Don’t take shortcuts or rush the job. Taping should be done in three stages. Trying to get by with two thick coats can cause the compound to take too long to dry, shrink excessively, crack, or droop. Failure to allow enough drying can have similar effects.
Gaps at the seams between sheets should never be wider than 1/8 inch. If you try to fill a larger gap, the joint will likely fail. Drywall is cheap—take down the poorly fit piece and install a new one correctly. And don’t use dehydrated joint compound or a mix that has been stored in freezing temperatures.
When smoothing out compound, the knife blade must ride smoothly on the drywall surface. When a knife nicks a nail-head or other imperfection, a ridge appears in the compound. So before applying the compound, go over the surface with a wide knife to locate any culprits. Give each nail a final, solid thump-don’t break the paper but do leave a dimple-and trim any small tears away with a utility knife.
Taping drywall joints
Knife blades must be clean when you start and throughout the process. One hardened speck on the blade will leave a distinctive groove, requiring extra spacing and sanding. Don’t allow debris or hardened specks to ruin the mix, and don’t dip a dirty knife in the bucket of compound-use a hawk or mud pan to hold a working supply. Scrape the compound off the b lade before each smoothing stroke.
Any dry spots under the tape are likely to bubble under successive coats. The key is to watch for a continuous and uniform color changes as you smooth the tape. Also avoid running the blade over a seam again and again. You will remove too much compound.
Imperfections not reduced by scraping or standing will cause problems in successive coats. But don’t over-sand , or you’ll scuff up the paper tape and drywall surface paper. That furry result persists through finishing and painting.
Drywall is tough, but it can be torn, chipped, cracked, or even punctured accidentally, especially when moving furniture around. Large holes require more time and effort to fix, but you can make minor repairs quickly with only a few simple tools. For example, a deep scrape sometimes tears the surface paper on the wallboard. The first step is to remove any loose or frayed paper facing by neatly trimming the paper to a straight edge with a utility knife. Then fill in the shallow paperless section with compound.

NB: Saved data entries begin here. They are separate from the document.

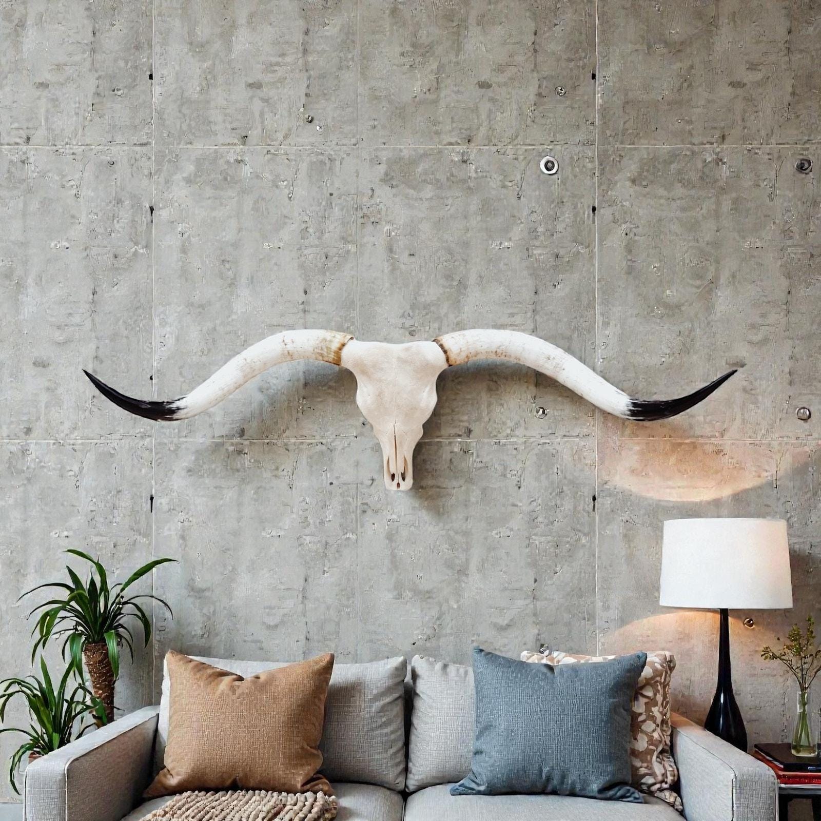 PLEASE NOTE: Our thoughtfully curated home decor backgrounds are designed to help you envision how a longhorn skull will elevate your space, offering inspiration for your walls. To make your decision effortless, we provide detailed videos and precise dimensions so you can see exactly how the piece will fit in your home. The total horn measurement is included so you can fully visualize the true size of a longhorn skull. Through our years of experience crafting longhorn skulls, we’ve found that some may appear shorter in width but look much larger due to the total curvature of the horns. This is why including the total horn measurement is so important.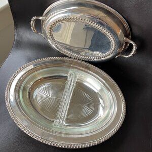 Vintage 80s W.M.Rogers Silverplate Oval 12" Covered Serving Bowl Dish with Handles. Has the original 2 section glass insert. Rare to see these with an insert.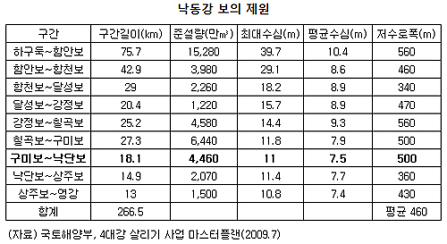 | ▲낙동강 보의 제원. ⓒ홍헌호 |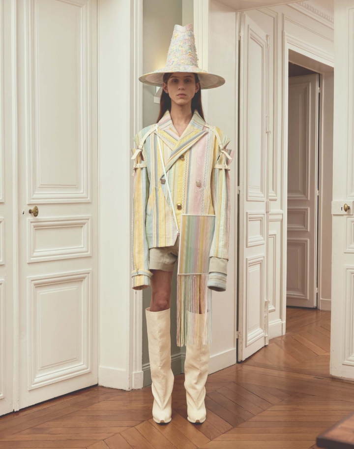 Confectionné dans un mélange unique de fils 100% coton, d’un tissu 100% coton et de soie. Sangle en cuir. Doublure 100% soie.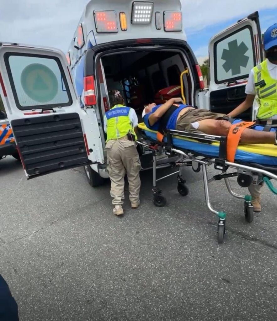 La fuerza del golpe provocó que el motociclista saliera proyectado y cayera al pavimento, sufriendo un fuerte traumatismo craneoencefálico. Automovilistas que presenciaron el hecho alertaron al número de emergencias 911, solicitando atención médica urgente.

Many house frames moves enough seasonally to disrupt drywall joints on a regular basis. If standard taping hasn’t held in the past, try an-other approach. Instead of using fiberglass mesh tape (popular with do-it- yourselfers because it is easier to apply) and conventional all-purpose joint compound, use paper reinforcing tape and setting-type joint compound (powder). Although it’s tricky to mix correctly and harder to work with because it dries so fast, you will get a harder and more durable bond, which reduces the chance of the crack reoccurring.
Start by removing any reinforcing tape and scraping out the crack. Fill the crack, and embed the tape with setting compound. Then, if you want, use ready-mix for the next two coats if cracks like these persist at the ceiling.